Argentiniens Präsident Javier Milei baut den Staat weiter ab, als Teil seiner Sparpolitik. Zudem treibt er seinen Kultur-Kampf von rechts weiter. Milei macht Druck – nicht nur auf queere Menschen, sondern auch auf Ausländerinnen und Ausländer, auf die Wissenschaft und die freie Presse.
Und dennoch: Die Mehrheit der Bevölkerung steht weiter hinter Mileis Politik. Auch, weil es ihm gelingt, die Inflation zu drücken. Südamerika-Korrespondentin Teresa Delgado ordnet ein.
Wie steht es tatsächlich um die Inflation in Argentinien?
Wenn wir die Gesamtwirtschaft anschauen, hat sich die Lage verbessert. Die Inflationsrate lag zuletzt bei 47 Prozent – Anfang Jahr waren es noch um die 200 Prozent. Prognosen sagen, dass die argentinische Wirtschaft dieses Jahr um bis zu fünf Prozent wachsen wird. Und die Armut ist laut Regierung von fast 60 auf 38 Prozent gesunken.
All diese Zahlen sind jedoch mit äusserster Vorsicht zu geniessen: Es ist bekannt, dass die Regierungen in Argentinien an den Parametern des Statistikamts schrauben, damit die Zahlen möglichst gut aussehen. Die Kaufkraft bleibt schwach. Viele Argentinierinnen und Argentinier klagen über steigende Preise.
Bei seiner Reise nach Europa und Israel hat Milei 20 Milliarden vom IWF erwirkt und ein Flüssiggas-Abkommen mit Italien geschlossen – was bedeutet das?
Mileis Charme-Offensive in Israel dürfte bei der Trump-Regierung in den USA gut ankommen.
Das Abkommen mit Italien verspricht wichtige Investitionen. Nach Jahren der Krise kann Argentinien seine Wirtschaft nicht genug aus eigener Kraft ankurbeln. Es braucht beides: den Sparkurs und Kredite. Die Finanzspritze vom IWF sind aber auch neue Schulden. Wichtig ist, dass Argentinien jetzt nicht in eine neue Schuldenfalle tappt.
Wie beliebt ist Milei in der Bevölkerung?
Laut Umfragen unterstützen ihn etwa 47 Prozent. Er bleibt eine polarisierende Figur. Jeden Mittwoch protestieren die Rentnerinnen und Rentner vor dem Parlament gegen Mileis Sparkurs. In den letzten Monaten haben sich ihnen andere Bevölkerungsgruppen angeschlossen: LGBTQ-Personen, junge Fussballfans, mit denen sich Milei anlegte, ehemalige Staatsangestellte, die Milei entliess. Also das ist inzwischen eine breitere Allianz von Unzufriedenen.

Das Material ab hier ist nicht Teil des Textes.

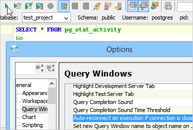 Auto-reconnect checks if your connection to Query Analyzer is still valid. If your connection is closed or severed, then auto-reconnect establishes a connection and sends the query to the server. Use File > Options > General > Query Windows to enable this option.

Es gibt auch viel Politikverdrossenheit: Die Lokalwahlen in Buenos Aires im Mai gewann Milei zwar, aber die Beteiligung war ziemlich tief.
Im Oktober stehen Zwischenwahlen an. Was ist da zu erwarten?

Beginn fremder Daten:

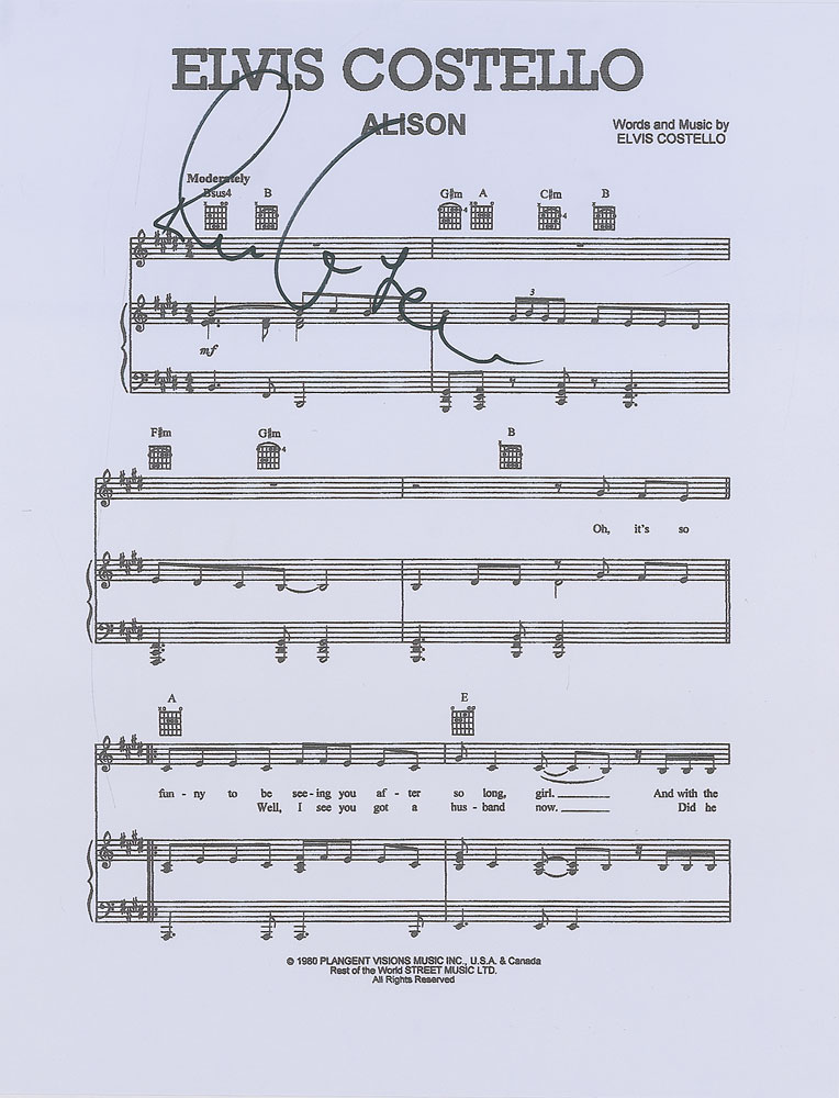 Photocopied sheet music to ‘Alison,’ five pages, 8.5 x 11, signed on the first page in black felt tip by Costello. In fine condition. Pre-certified Roger Epperson/REAL and RR Auction COA.

Es wird erwartet, dass Milei im Parlament Boden gut machen wird. Zum einen, weil er den Leuten jetzt eben Zückerli bietet, wie Investitionen aus dem Ausland, und die sinkende Inflation. Zum anderen, weil Milei ziemlich alternativlos geworden ist: Diese Woche bestätigte das oberste Gericht des Landes eine mehrjährige Haft-Strafe gegen Ex-Präsidentin Cristina Fernández de Kirchner wegen Korruption. Zudem erteilte ihr das Gericht eine Amtssperre.
Damit ist die wichtigste politische Gegnerin Mileis raus aus dem Rennen. Und die etablierten Parteien haben Altlasten: Sie alle haben in den letzten Jahren irgendetwas verbockt, während Mileis Bewegung nicht vorbelastet ist und jetzt sinkende Inflations-Zahlen vorweisen kann. Milei hofft, dass er sich im Oktober in beiden Parlamentskammern Mehrheiten sichern kann. Dann könnte er für den Rest seiner Amtszeit ziemlich ungebremst durchregieren.